Designed to save a trip to the mailbox only to find it empty, this battery-powered project calculates distance changes to send alerts.

Pseudonymous maker "Psychological_Cat_20" has put together a wire-free device, which makes use of an infrared (IR) distance sensor to detect when something's been delivered to a mailbox — ideal, the maker says, "for lazy people."

"I had this IR distance sensor laying around for several months waiting for a quick and dirty project (you know those [projects which] are never quick and always dirty)," Cat writes. "Being very lazy I started to think about a smart postbox notification system which tells me when new paper mail has arrived."

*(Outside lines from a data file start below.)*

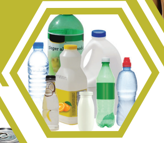
Plastic bottles, tubs & jugs #1, 2, 5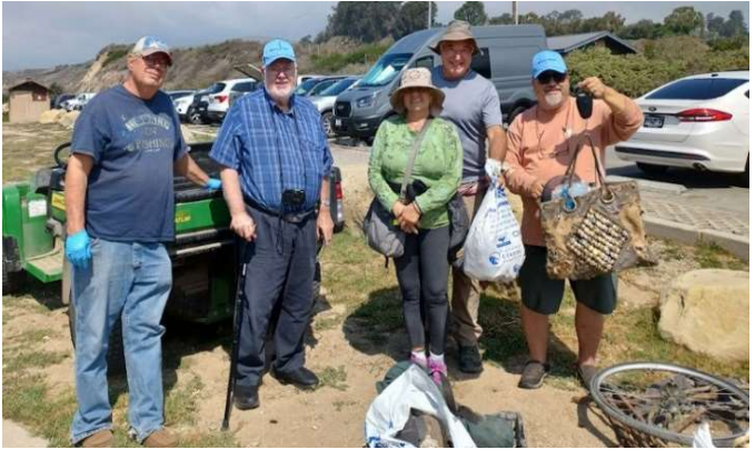
Some of our cleanup volunteers pose with their collected trash.

Across California, it was reported over 25,570 volunteers had picked up 126,605 pounds of trash from its beaches, lakes, and river beds, and an additional 7,041 pounds of recyclable materials, for a total of 133,645 pounds or 67 tons.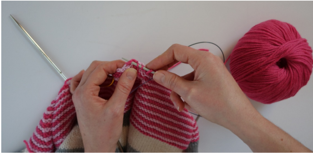
Picking up stitches for the collar

If you feel like you would like to watch a video using this technique, click here to view!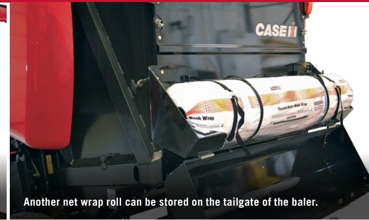
Another net wrap roll can be stored on the tailgate of the baler.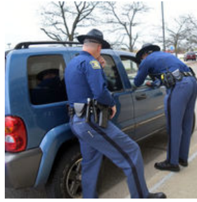
Distracted driving enforcement initiative targets M-59 METRO DETROIT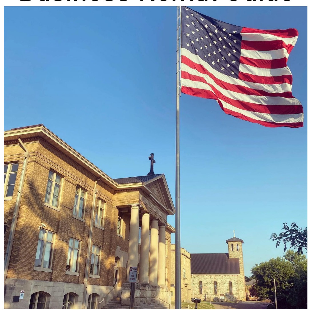
Chippewa Valley Cultural Association, Inc. Heyde Center for the Arts 3 S. High Street Chippewa Falls, WI 54729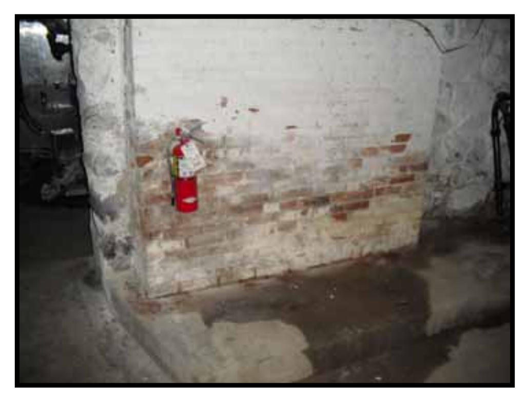
21. WATER LEAKING FROM NORTH WEST CHIMNEY.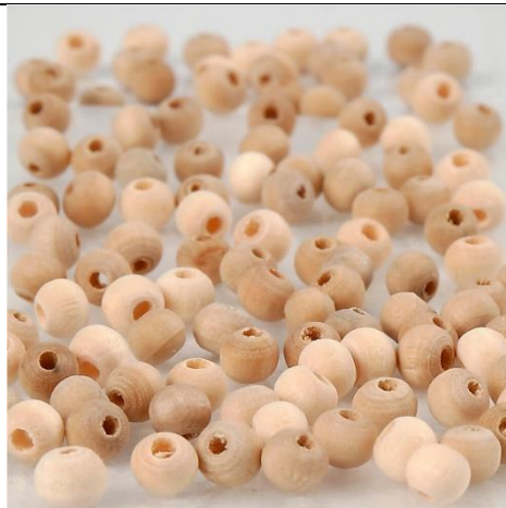
Wooden Bead, dia. 5 mm, hole size 1,5 mm, 100pc/ 1 pack Item no. 566600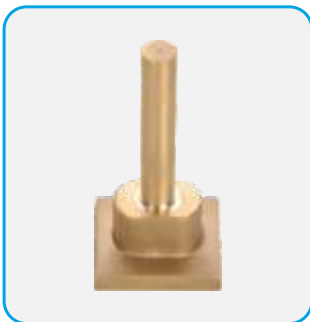
21. One Hole Earth Point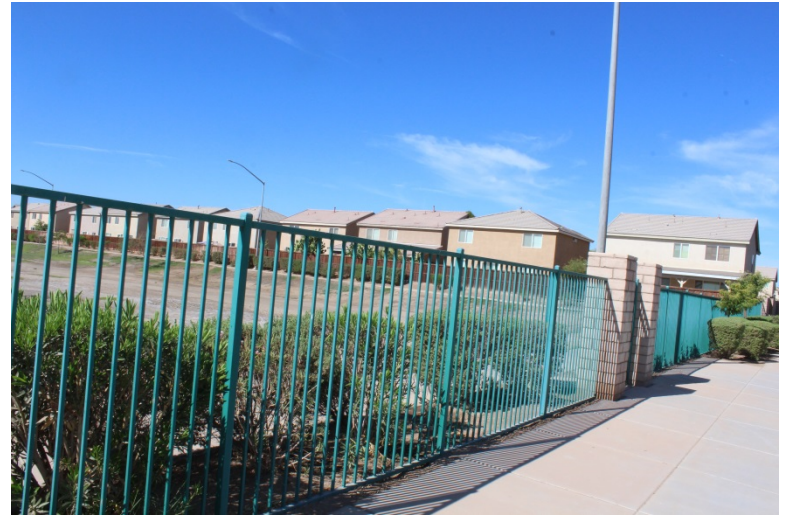
*Savanna Ranch Retention Park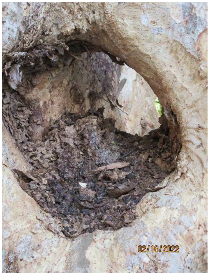
Close up photo of “void” area with evidence of insect issues (decayed wood and frass).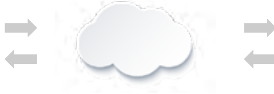
CLOUD NATIVE 2G/3G/4G or 5G networks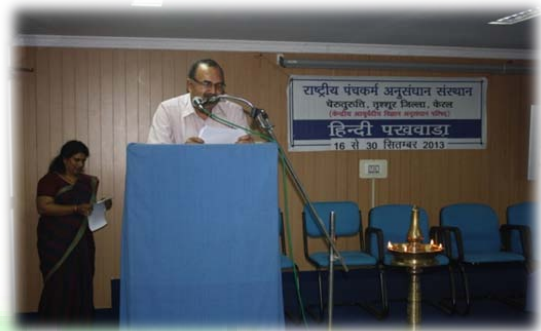
Celebration of Hindi Fortnight at NRIP Cheruthuruthy (16th – 30th September 2013)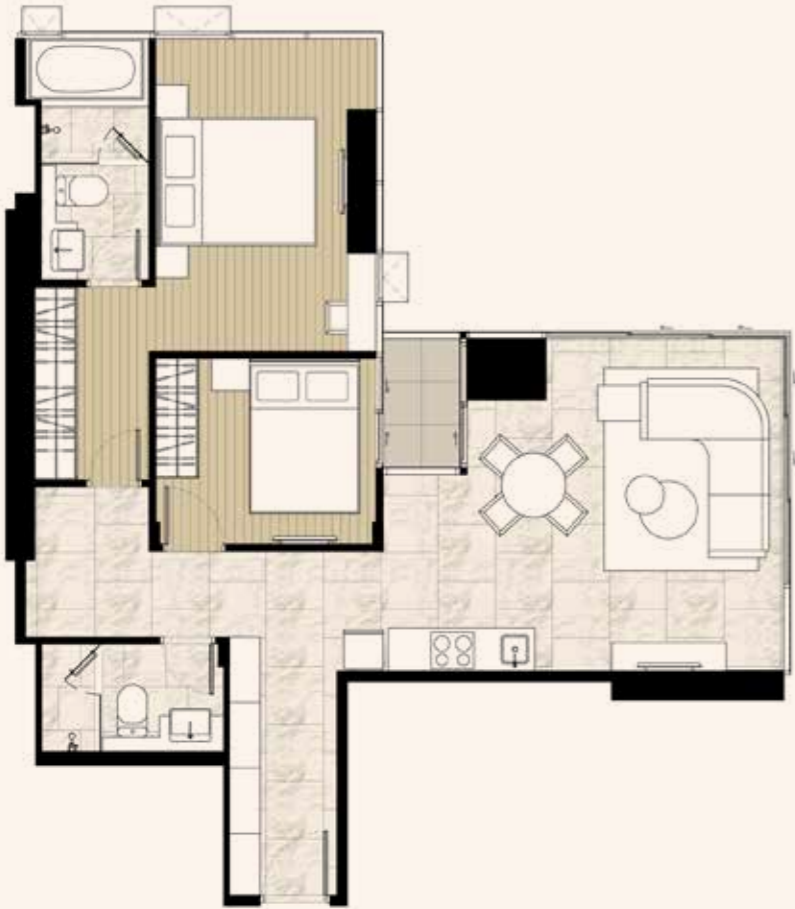
TYPE B 75.00 - 75.50 Sq.m.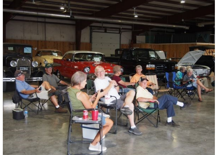
Members enjoyed the indoor facility with lots of time for relaxing and fellowship.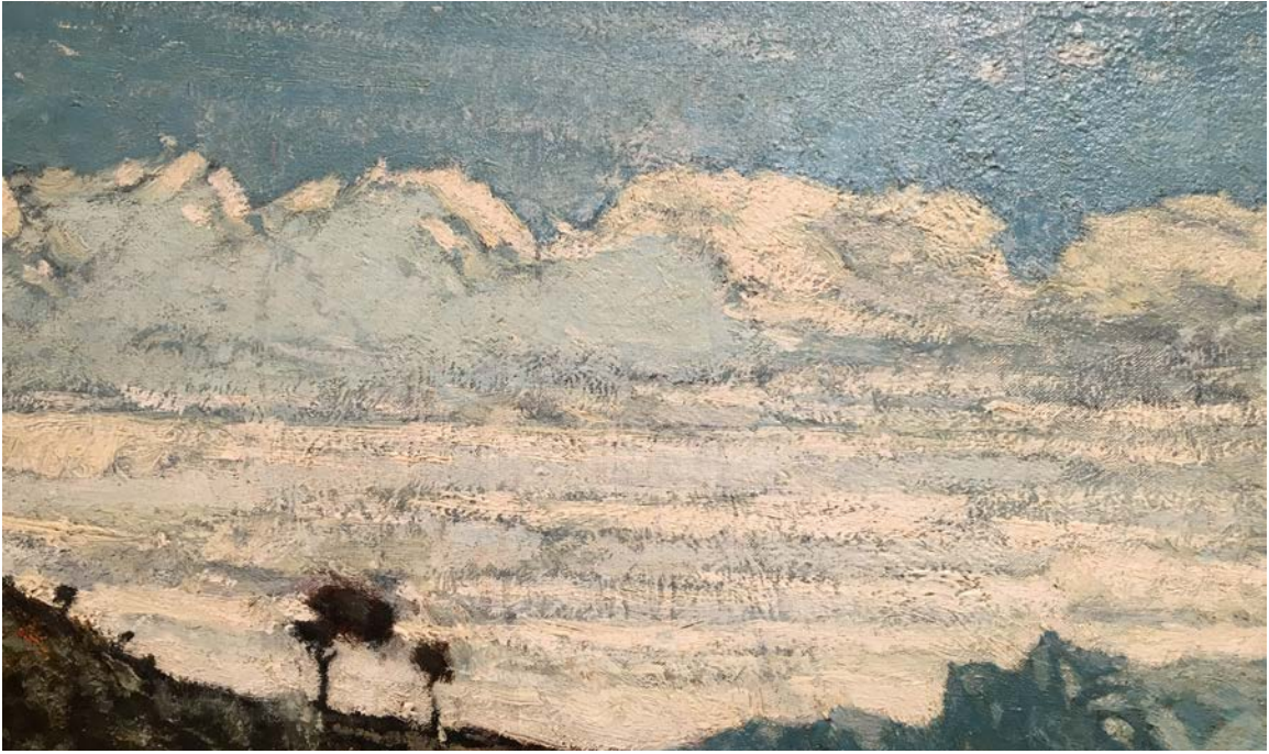
Fig 1.2. Detail from Paysage de Provence .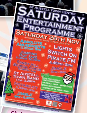
Christmas Event Posters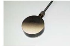
Load cell (insensitive to temperature)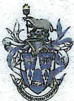
CIWM Chief Executive Officer

The Chartered Institution of Wastes Management

The heart of the system is a Wemos D1 Mini development board, based on an Espressif ESP8266 and offering Wi-Fi connectivity to Cat's home network. An 18650 lithium-ion battery powers the device, which wakes every 10 minutes from its slumber to check the distance between the sensor and the far wall of the mailbox.

This mailbox notifier is as simple as they come, just measuring distance to check for new mail. (📷: Psychological_Cat_20)

Each wake-up sends MQTT message with the measured distance to a Node-RED server running on a Raspberry Pi. "Node-RED logic checks if [the] postbox is full and triggers notification via Telegram and Alexa," Cat explains. "In order to avoid notifications each 10 minutes Node-RED sets a timer and suppresses subsequent notifications for two hours."

More details are available on the project's Reddit thread, with Cat promising to release "Arduino code and [an] STL of the case" if there's sufficient interest.